***** Input data *****

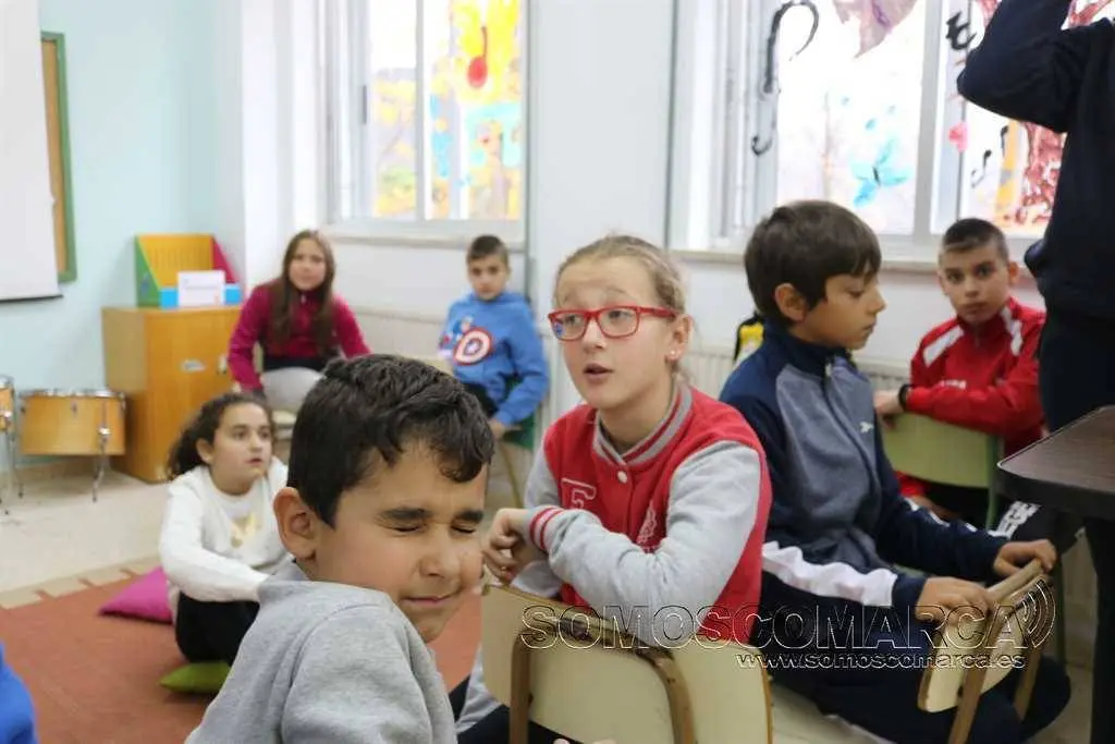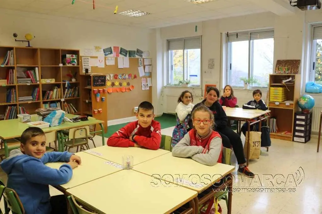 A xornada é partida —os nenos van xantar as súas casas— e comeza ás 9:30 horas. Até as 9:50 soben a biblioteca onde len un libro, contan un conto ou din un trabalinguas. Cando os visitamos no espazo «Menuda Tropa», Leire foi a encargada de ler e para elo elixiu «La mona Ramona» logo díxolles aos seus compañeiros un trabalinguas.
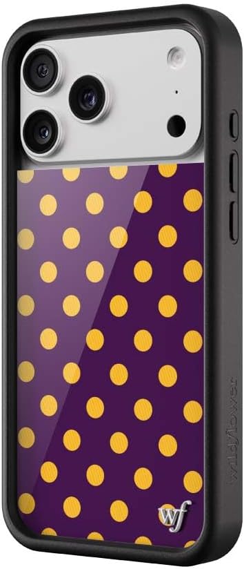 Wildflower Cases - Compatible with iPhone 17 Pro Max | Protective Black Bumper, 6.5ft Drop Test Certified, Women Owned Small Business | Trendy Classic Dotted Spots Cute | Polka Dot - Purple & Yellow
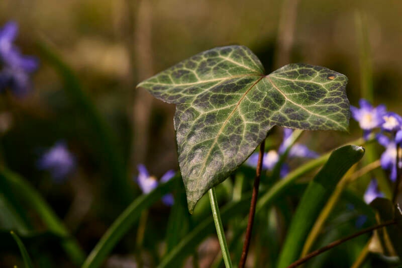 Im unteren Bild habe ich den Spieß umgedreht: Die unscharfen Blausterne hinter dem Efeublatt erscheinen nur als farbige Punkte, bringen aber Leben ins Bild und bilden einen schönen Kontrast zum Grün des Efeus. Das ist Frühling – wieder mehr Farbe, und die Kreativität ist auf einem anderen Level.

*****

• _Aim of the exercise_
Return the listing unchanged, but drop every picture.

• _Task answer_
 A xornada é partida —os nenos van xantar as súas casas— e comeza ás 9:30 horas. Até as 9:50 soben a biblioteca onde len un libro, contan un conto ou din un trabalinguas. Cando os visitamos no espazo «Menuda Tropa», Leire foi a encargada de ler e para elo elixiu «La mona Ramona» logo díxolles aos seus compañeiros un trabalinguas.
 Wildflower Cases - Compatible with iPhone 17 Pro Max | Protective Black Bumper, 6.5ft Drop Test Certified, Women Owned Small Business | Trendy Classic Dotted Spots Cute | Polka Dot - Purple & Yellow
 Im unteren Bild habe ich den Spieß umgedreht: Die unscharfen Blausterne hinter dem Efeublatt erscheinen nur als farbige Punkte, bringen aber Leben ins Bild und bilden einen schönen Kontrast zum Grün des Efeus. Das ist Frühling – wieder mehr Farbe, und die Kreativität ist auf einem anderen Level.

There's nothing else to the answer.